Cardiac phenotypes were divided into 5 major categories (Supplementary Table 3a) on the basis of the major cardiac lesion: conotruncal defects (CTD, N=872), D-transposition of the great arteries (D-TGA, N=251), heterotaxy (HTX, N=272), left ventricular outflow tract obstruction (LVO, N=797), or Other (N=679). CTD phenotypes include Tetralogy of Fallot (TOF), double-outlet right ventricle (DORV), truncus arteriosus, membranous ventricular septal defects (VSD), and aortic arch abnormalities. LVO phenotypes include hypoplastic left heart syndrome (HLHS), coarctation of the aorta (CoA), and aortic stenosis/bicuspid aortic valve (AS/BAV). HTX syndromes include situs abnormalities such as dextrocardia, left or right isomerism (LAI, RAI) as the major malformation, and may include other defects such as L-transposition of the great arteries (L-TGA), atrioventricular canal defects (AVC), anomalous pulmonary venous drainage (TAPVR, PAPVR), and double outlet right ventricle. Isomerism of other organs was not considered a separate extra-cardiac malformation for this study. Lesions in the “Other” category include pulmonary valve abnormalities, anomalous pulmonary venous drainage, atrial septal defects (ASD), atrioventricular canal defects, double inlet left ventricle (DILV), and tricuspid valve atresia (TA). Any structural anomaly that was not acquired was called an extracardiac malformation.

Exome sequencing

Samples were sequenced at the Yale Center for Genome Analysis following the same protocol. Genomic DNA from venous blood or saliva was captured using the Nimblegen v.2 exome capture reagent (Roche) or Nimblegen SeqxCap EZ MedExome Target Enrichment Kit (Roche) followed by Illumina DNA sequencing as previously described⁸. WES data were processed using two independent analysis pipelines at Yale University School of Medicine and Harvard Medical School (HMS).
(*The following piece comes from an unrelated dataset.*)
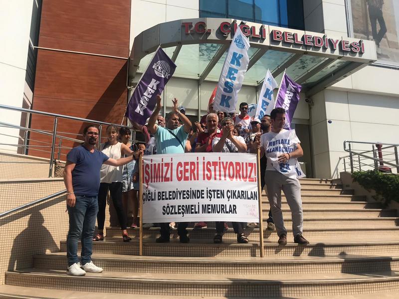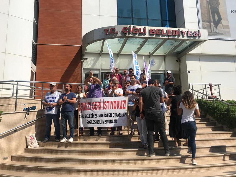 Ege'nin Sesi-Çiğli Belediyesi’nde işten çıkarılan sözleşmeli memurlar için geniş çaplı bir eylem yapıldı. İşsiz memurların eylemini KESK’e bağlı şubelerde destekledi. Çiğli Belediyesi önünde düzenlenen basın açıklamasında "İşimizi geri istiyoruz” yazılı bir pankart da taşındı. Basın açıklaması sırasında sık sık “Kurtuluş yok tek başımıza ya hep beraber ya hiç birimiz” sloganı atıldı.

At each site sequence reads were independently mapped to the reference genome (hg19) with BWA-MEM (Yale) and Novoalign (HMS) and further processed using the GATK Best Practices workflows^46–48, which include duplication marking, indel realignment, and base quality recalibration, as previously described⁴⁹. Single nucleotide variants and small indels were called with GATK HaplotypeCaller and annotated using ANNOVAR⁵⁰, dbSNP (v138), 1000 Genomes (August 2015), NHLBI Exome Variant Server (EVS), and ExAC (v3)⁵¹. The MetaSVM algorithm, annotated using dbNSFP version 2.9⁵², was used to predict deleteriousness of missense variants (annotated as “D-Mis”) using software defaults⁵³. Variant calls were reconciled between Yale and HMS prior to downstream statistical analyses.

Kinship analysis

Relationship between proband and parents was estimated using the pairwise identity-by-descent (IBD) calculation in PLINK⁵⁴. The IBD sharing between the proband and parents in all trios is between 45% and 55%.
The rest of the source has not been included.